Sons of the Neon Night 風林火山

Sons of the Neon Night is one of the unfortunate incidents in the Hong Kong film industry. Filming started in 2017 and finished in 2018, but continued delays in releasing, partly caused by the COVID pandemic, had turned it into a white elephant. By the time it was released in 2025, it was just a film cobwebbed with rumours, scandals and whatever and however people wanted to talk about it.

But was it not good?

I finally got a chance to watch it on a flight from Sydney to Singapore. Being a huge Takeshi Kaneshiro fan, I was looking forward to seeing what he could deliver after years of being away from the spotlight. As the son who was determined to wipe out the dark history of his father’s company and start clean, he carried huge weighs on his shoulders. But is there really a way to wipe clean without getting your hands dirty? This is one of the major questions asked by the movie.

The movie’s setting is a post nuclear winter Hong Kong. To be honest with you, apart from giving Hong Kong a post-apocalyptic feel and an excuse to stylise the tone of the movie, this backdrop didn’t really do much to move the story forward. But that’s a director’s choice, I guess.

Without a question, the writer and director Juno Mak wanted to create a specific tone or mood for the movie. Apart from the stylised camera angles and movement that tried to match with this black and whitish tone, a lot of the dialogues delivered by the characters in the story many a times sounded like monologues in a Shakespearean play. This definitely gives the movie an edge over regular storytelling, but I couldn’t help but wondered – would the general audience embrace that? The reality is despite he had a cast of who’s who in the Hong Kong film industry including Takeshi Kaneshiro, Sean Lau, Tony Leung Ka-Fai, Louis Koo, Michelle Wai etc. etc. who could deliver extremely outstanding performances to the dot, at the end of the day, you still need an audience to understand it.

Don’t get me wrong, the story was really straightforward in my opinion. And it is a story that anyone who had watched enough “good cops, bad cops, good villains, bad villains movies” can figure out in a heartbeat. So how much this sophisticated packaging could add value to the story and hence the movie, is the main question. I personally don’t mind as much but I had a strong feeling that for the general audience a more straightforward presentation with a different director’s cut could be a better option for this film for its general release.

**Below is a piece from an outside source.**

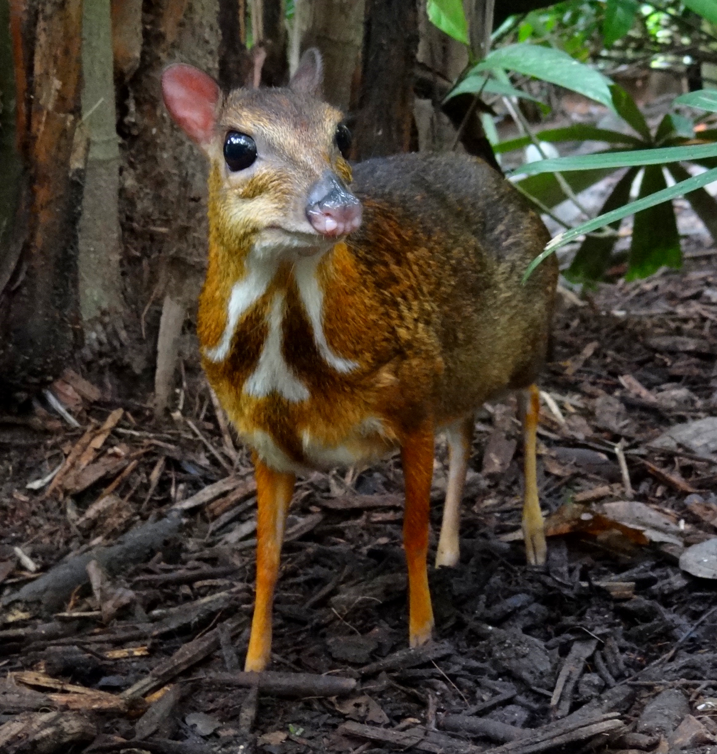 A chevrotain or Lesser mouse-deer (Tragulus kanchil) roaming almost freely about in the Singapore Zoo.

I don’t hate this movie, but I couldn’t get myself to love it either. The good thing about the movie is that there were lingering feelings inside me about it long after finishing it and I am determined to write those feelings out a month after seeing it on the first flight of my month-long overseas trip. But then are those feelings enough to help get people into the cinema and steer the Hong Kong movie industry out of this, well, ironically nuclear winter that it is going through right now?

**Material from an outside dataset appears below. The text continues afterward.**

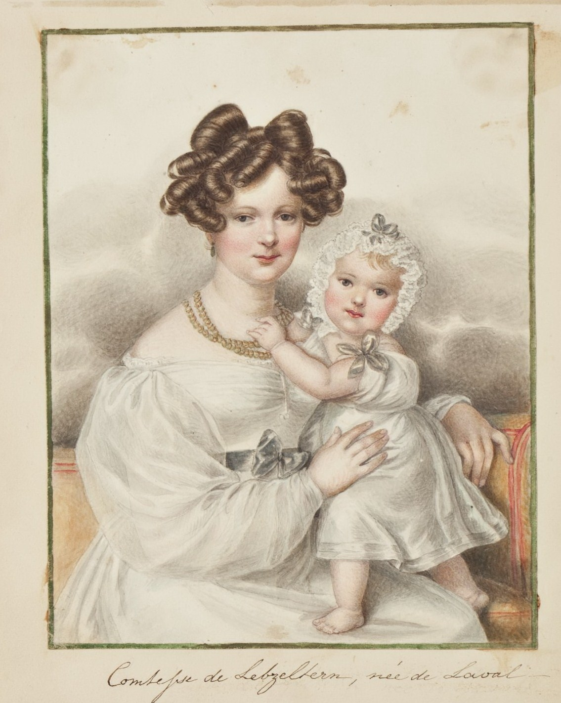 The Middleton Watercolor Album consists of a collection of 45 watercolor portraits bound in leather covers with neo-gothic embossing and a gilt bronze clasp in the same style. The album relates to the Middleton family of South Carolina, from which it descended until Hillwood purchased it in 2004. Williams Middleton—who was secretary to his father, Henry Middleton, the American minister to St. Petersburg from 1820 to 1830—assembled this album. The artist of many of the watercolors, most of which are unsigned, is likely Middleton's sister, Maria Henrietta, who studied painting during her years in St. Petersburg with her governess, Madame Mathes, who also painted miniatures. Two watercolors, including this portrait of the Countess Bobrinsky, are signed by the well-known Russian watercolorist Petr Sokolov. The portraits are of Russians and people in the foreign community who were close associates of the Middleton family. Their portraits provide an extraordinary commentary on the fashion and hairstyles of the 1820s.

Maybe I am being too pragmatic about this. After all, film is a medium of artistic expression, so I should not be too focused on bums on seats. However, being a person who grew up watching Hong Kong movies and because of all the great movies and performance aspired to study theatre and become an actor, I personally feel for the tough phase the industry is going through at the moment. I don’t have any issues with the movie. The performances were a joy to watch and one master class of acting after another, but at the end of the day, if it failed to recoup the budget despite this great cast, where can the industry go?

Artistic expression should always be valued, but for me, you still need a pile of gold to sit on first when it comes to the entertainment industry. That’s the reality.